1) the number of women in Parliament/in the Cabinet is decreasing rather than increasing
Agreed, not good or fair. I'd replace the House Of Lords with the most representative reflection of all sexes and classes, but what do I know? In the meantime, I don't mind all women shortlists but really I'd rather stick with 'best person for the job' and hope that women keep proving its them - and women vote for them too. If they are, which is hard to tell as they are all mostly a shower of shit.
2) abortion rights are constantly under threat
Don't agree.
3) women continue to be objectified in the media
Personally, I don't agree with this objectification idea. Women are pretty things, both men and women like looking at them. I think the wider non-feminist society has heard this 'objectification' argument, thought about it, and rejected it. The same for porn, sorry porn-haters, more people either like it, don't care, or think it falls under freedom of choice.
And as for media images, never before in my life have women been portrayed as so perfect and men as such silly little boys or potential paedos/rapists etc. *
4) 2 women a week are killed by their partners in the UK. This hardly registers on the news - imagine if it was the other way round.
I think domestic violence against women gets a lot of attention, it's a soap favourite, it's in The Guardian every other day... consequently every one agrees it is a terrible thing - and the other way around gets very very little attention, until very very recently. It's one man killed by a female partner every two weeks apparently. Ever hear that stat before? Oh, and even then, it was his fault he got killed because he was probably an abuser and it's being a 'DV apologist' to suggest that people use the door rather than a kitchen knife to solve their problems.

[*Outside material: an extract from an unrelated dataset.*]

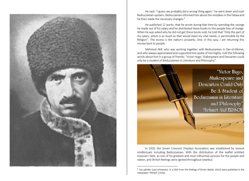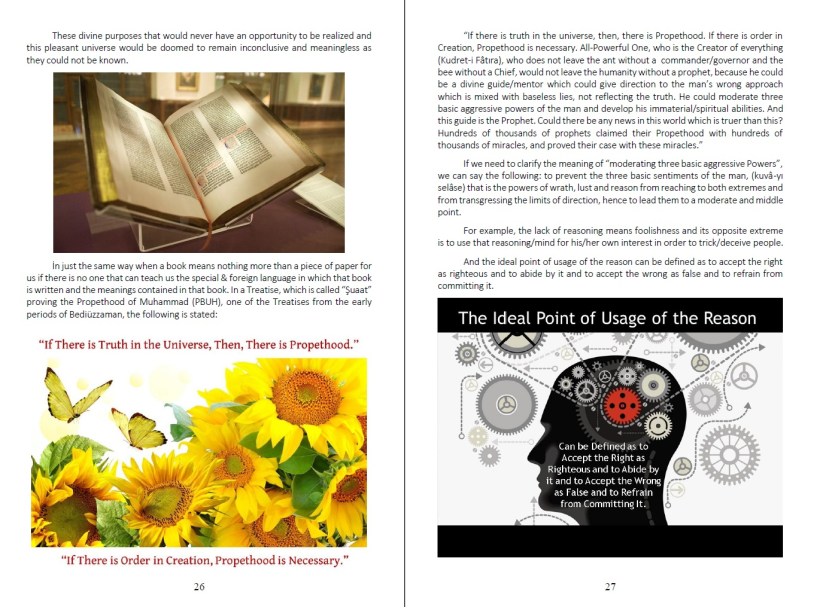 High truths, which the whole humanity needs and which are appealing to all those who look for the explanation of the basic reality of existence and which is more interesting for the world of science and the scientists and which is brought by divine revelation, are discovered once again and proved with rational methods in these works. Especially today, while quantum physics, astronomy and astrophysics have reached to such advanced levels, common answers are looked for these three questions on matter, universe and human being; the science and these works study the same subjects and share a common ground of work. Here you are: The work, which contains in itself a spiritual/immaterial treasury for people who have an irresistible interest and passion for science and learning, is called RISALE-I NUR (TREATISE OF LIGHT).
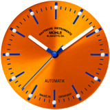 Durch das Saphirglas kann man das aktive Lichterspiel des geschliffenen, orangefarbenen Zifferblatts jederzeit ungetrübt bewundern. Dieses prägt das gesamte Erscheinungsbild der Mühle-Uhr und lässt das Zifferblatt – mal heller, mal dunkler – in verschiedensten Nuancen erstrahlen. Seine blauen Stundenindizes sind mit erhabenen Leuchtpunkten versehen. In Kombination mit den ebenfalls nachleuchtenden Zeigern ermöglichen sie eine perfekte Ablesbarkeit der Uhr bei Tag und Nacht. Wie jede Mühle-Uhr besitzt die Panova Orange „Edition N.I.M.O.C.“ damit die Attribute eines höchst alltagstauglichen Zeitmessers.

5) Only 3% of the CEOs of the top 500 companies are women - and that number has not increased for 3 years.
How many are from poor bgs? Or black? As I have said before, the world is run by the super-rich - and the super-rich men do the one main job. Combo of best person for the job and yes there is institutionalised sexism there - but then again, how many women, like how many men, are ever going to be in that position either? And if they are, are they going to help other women? I doubt it. Don't care about helping super-rich anyone, they'll be fine.
6) women outnumber men at University and as graduates - and have done for more than 10 years. But men still occupy the vast majority of higher echelon jobs.
The first bit is a success, yes? Maybe we need all-men short-lists or affirmative action to help those boys? Again, higher echelon jobs, bit of dying Patriarchy/jobs for the connected boys, mostly don't care about anyone earning over 50 grand.
7) Women working full time earn on average 16% less than men.
I've looked into this argument, and despite not being an economist, I am convinced by the argument that the 'wage gap' is explained by the different jobs and hours men and women choose to do. Where it isn't, er, more laws that say it's illegal to discriminate... or what are the other solutions on the table?